** Task directions **
In the records below, find the line with "Soldaki kalp yeşil, sağdaki" and repeat exactly every line from it through the line with "小学5年生は理科の授業で「電". Pictures stay out.

** Data supplied **
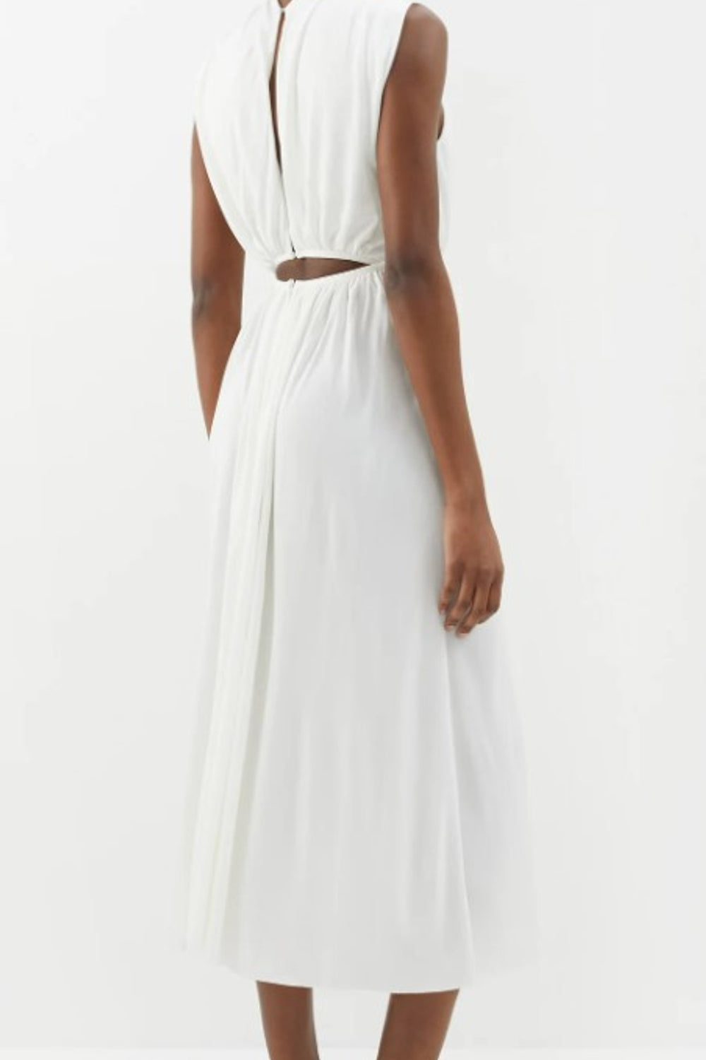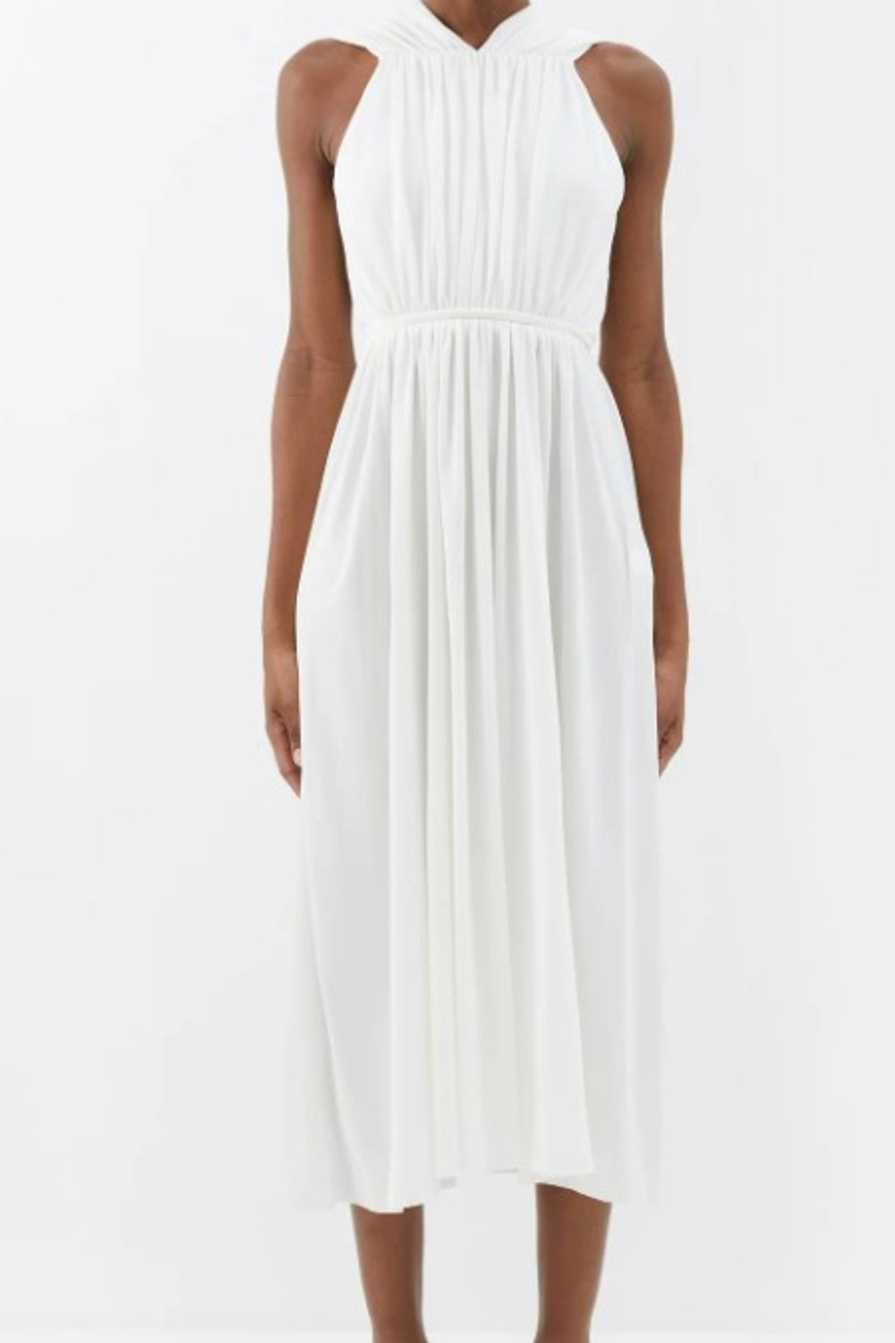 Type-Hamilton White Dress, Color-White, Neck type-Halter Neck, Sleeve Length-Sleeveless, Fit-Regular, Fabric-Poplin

==

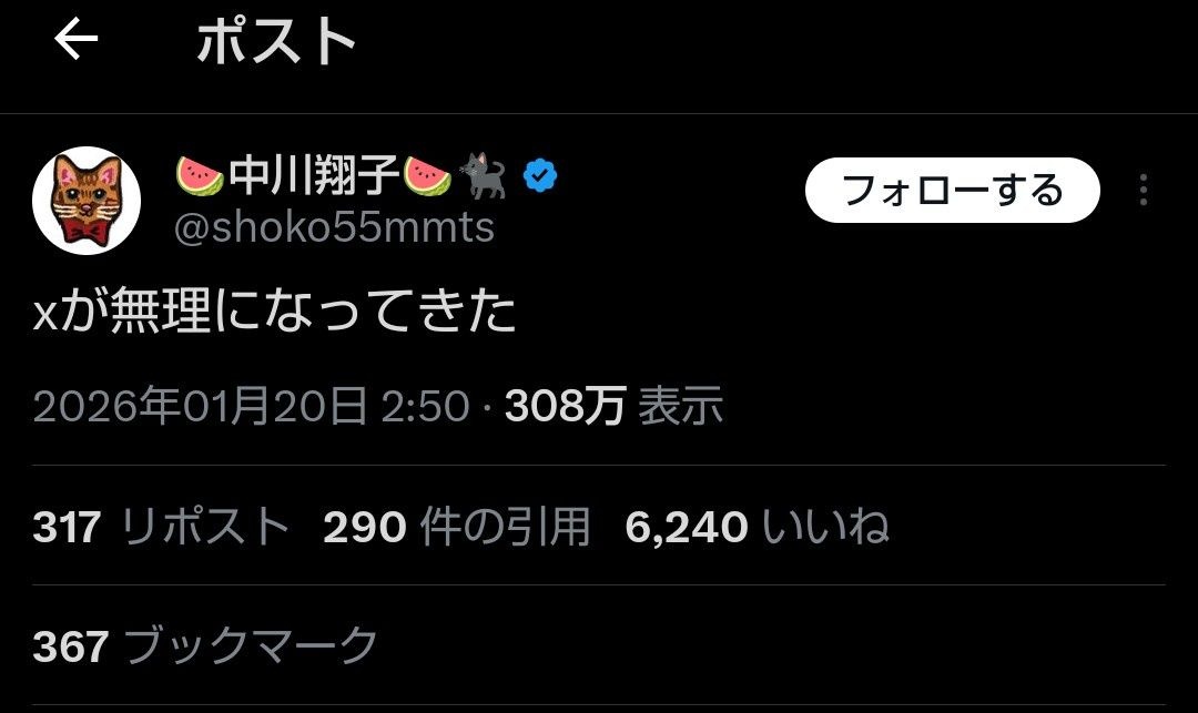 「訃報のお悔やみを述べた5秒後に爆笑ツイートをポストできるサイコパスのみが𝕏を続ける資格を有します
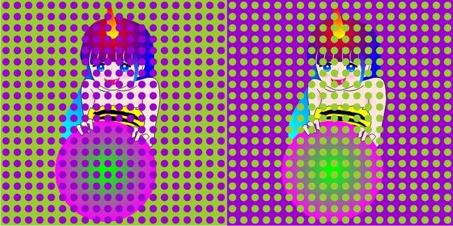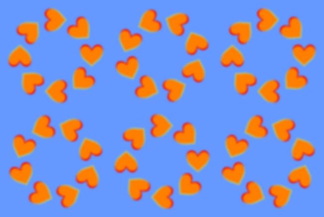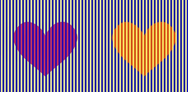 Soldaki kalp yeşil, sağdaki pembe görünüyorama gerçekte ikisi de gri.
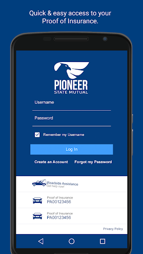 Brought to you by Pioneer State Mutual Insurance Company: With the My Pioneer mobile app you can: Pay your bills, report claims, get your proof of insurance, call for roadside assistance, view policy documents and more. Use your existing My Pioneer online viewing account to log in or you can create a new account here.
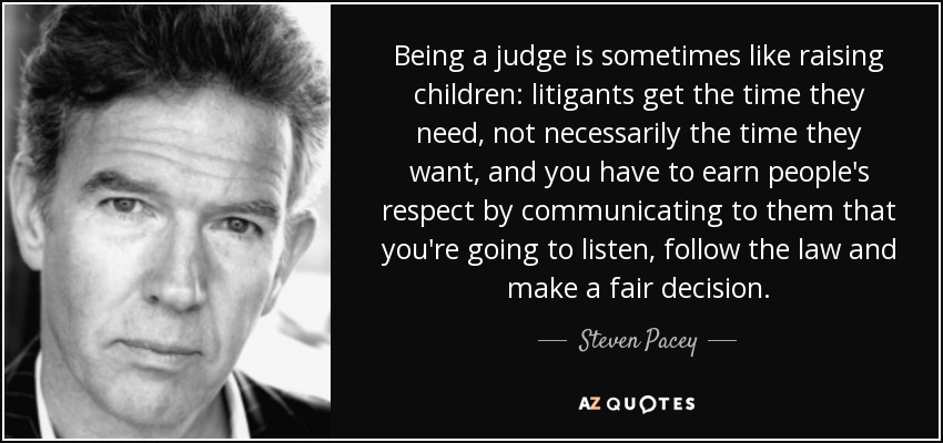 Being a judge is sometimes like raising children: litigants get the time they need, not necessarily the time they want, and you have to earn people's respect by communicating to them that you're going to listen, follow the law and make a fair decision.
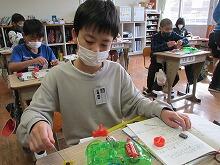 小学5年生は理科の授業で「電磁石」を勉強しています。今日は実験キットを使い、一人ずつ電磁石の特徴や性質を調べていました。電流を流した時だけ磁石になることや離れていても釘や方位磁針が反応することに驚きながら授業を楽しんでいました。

...

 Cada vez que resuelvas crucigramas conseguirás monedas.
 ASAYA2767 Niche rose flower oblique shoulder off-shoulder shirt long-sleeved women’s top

** Response area **
 Soldaki kalp yeşil, sağdaki pembe görünüyorama gerçekte ikisi de gri.
 Brought to you by Pioneer State Mutual Insurance Company: With the My Pioneer mobile app you can: Pay your bills, report claims, get your proof of insurance, call for roadside assistance, view policy documents and more. Use your existing My Pioneer online viewing account to log in or you can create a new account here.
 Being a judge is sometimes like raising children: litigants get the time they need, not necessarily the time they want, and you have to earn people's respect by communicating to them that you're going to listen, follow the law and make a fair decision.
 小学5年生は理科の授業で「電磁石」を勉強しています。今日は実験キットを使い、一人ずつ電磁石の特徴や性質を調べていました。電流を流した時だけ磁石になることや離れていても釘や方位磁針が反応することに驚きながら授業を楽しんでいました。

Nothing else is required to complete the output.